The China–Myanmar border region was the worst-hit region by HCV and HIV-1, where IDU was the most high-risk behavior for infection with both viruses (Zhang et al., 2002; Zhou et al., 2011, 2012; Li et al., 2014). HCV genetic diversity among IDUs in Yunnan had been extensively studied (Xia et al., 2008; Zhang et al., 2013; Chen et al., 2015; Wan et al., 2016), and three HCV genotypes (1, 3, and 6), including nine subtypes (1a, 1b, 3a, 3b, 6a, 6n, 6v, 6xa, and 6xg), were reported to be prevalent among IDUs in Yunnan (Figure 1). However, HCV genetic diversity among IDUs in Myanmar was less concerned in spite of high HCV prevalence among this cohort. In this study, we characterized HCV genetic diversity among IDUs in Kachin, Myanmar (Figure 1). Three HCV genotypes (1, 3, and 6), including six subtypes (1a, 3a, 3b, 6n, 6xa, and 6xg), as well as an unassigned genotype 6 variant, were detected among this cohort. The subtype distribution among IDUs was similar to that among IDUs in Dehong, another side of the border, but very distinct from those among general population (e.g., blood donors) in Myanmar and among IDUs in other regions of Yunnan (e.g., Kunming and Honghe) (Figure 1). The main difference was that the subtypes 6xg and 6xa appeared to be mainly prevalent among IDUs in the China–Myanmar border region. In contrast, there were rare strains from the subtypes 6a and 6m in this region, which had high prevalence in other regions of Yunnan and Myanmar, respectively (Figure 1). Furthermore, the most common HCV subtype 1b was also rarely detected among IDUs in this region. These results suggest that the China–Myanmar border region had a unique pattern of HCV genetic diversity among IDUs.

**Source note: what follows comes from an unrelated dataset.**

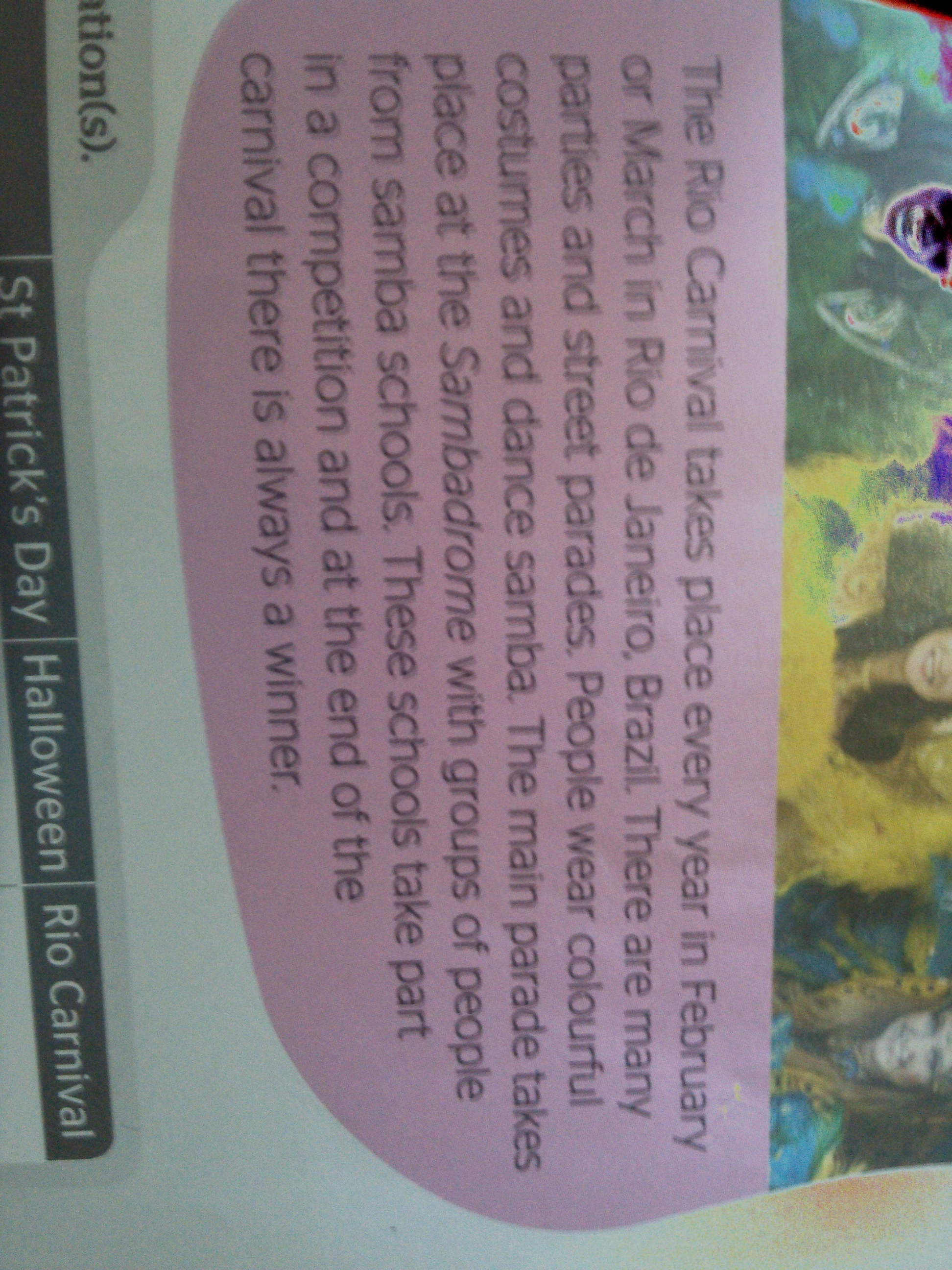 Карнавал рио проходит каждый год в Феврале или Марте в Рио Де Жанейро и Бразилии. Там проводится очень много вечеринок и уличных парадов. Люди одеты в очень яркие костюмы и танцуют самбу. Большинство парадов проходят в Самбодроме с группами учеников из школ по обучению самбе. Эти школы принимают участия в конкурсе и в конце празднования (карнавала) они всегда выигрывают.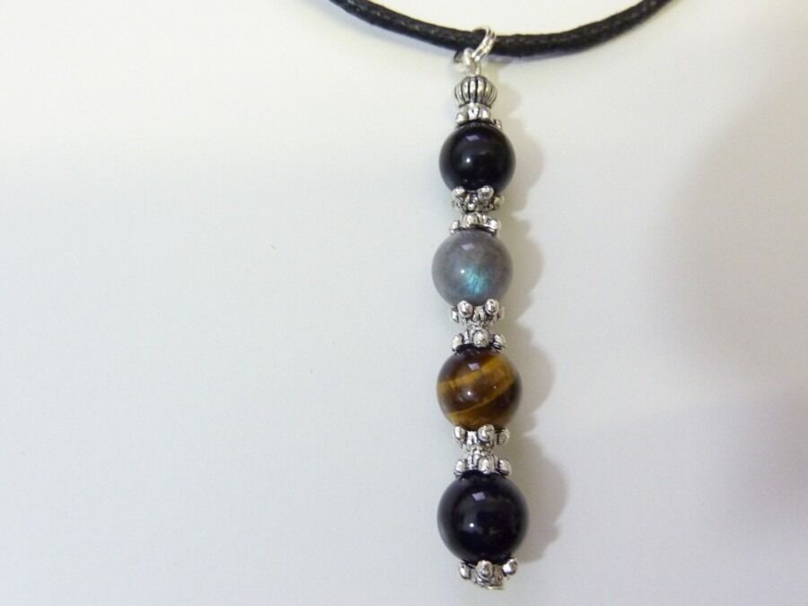 Découvrez notre impressionnant pendentif de protection orné d’œil de tigre, de labradorite, de tourmaline et d’obsidienne œil céleste. Ce pendentif est un véritable talisman de puissance et de protection, combinant les propriétés uniques de ces quatre pierres naturelles.

In China, pegylated interferon (PEG-IFN) plus ribavirin (RBV) (PEG-IFN+RBV) are recommended as a pan-genotypic regimen for HCV infection (Wei and Hou, 2015; Chen et al., 2018). The combination of sofosbuvir (SOF) and daclatasvir (DCV) is recommended in Myanmar (Ministry of Health and Sports Myanmar, 2017). Different direct-acting antiviral (DAA) therapies appeared to have various sustained virologic response (SVR) for different HCV genotypes. A systematic review and meta-analysis revealed that SVR of the PEG-IFN+RBV regimen to HCV genotype 6 was similar to genotypes 2 and 3, but higher than genotype 1 (Thong et al., 2015). The safety and efficacy of SOF-based DAA regimens for treatment of HCV genotype 6 were well demonstrated by some studies conducted in China and the United States (Wong et al., 2017; Hu et al., 2018; Wu et al., 2019). In particular, no significant difference in efficacy of SOF-based DAA regimens was observed between genotype 6 and genotypes 1-4, except for the combination of SOF and ledipasvir (LDV), which had lower SVR for genotype 6 than genotype 1 (Horner and Naggie, 2015; Hlaing et al., 2017; Fan et al., 2018; Hu et al., 2018). Furthermore, there was no study to compare the efficacy of various DAA regimens on different subtypes or variants of genotype 6.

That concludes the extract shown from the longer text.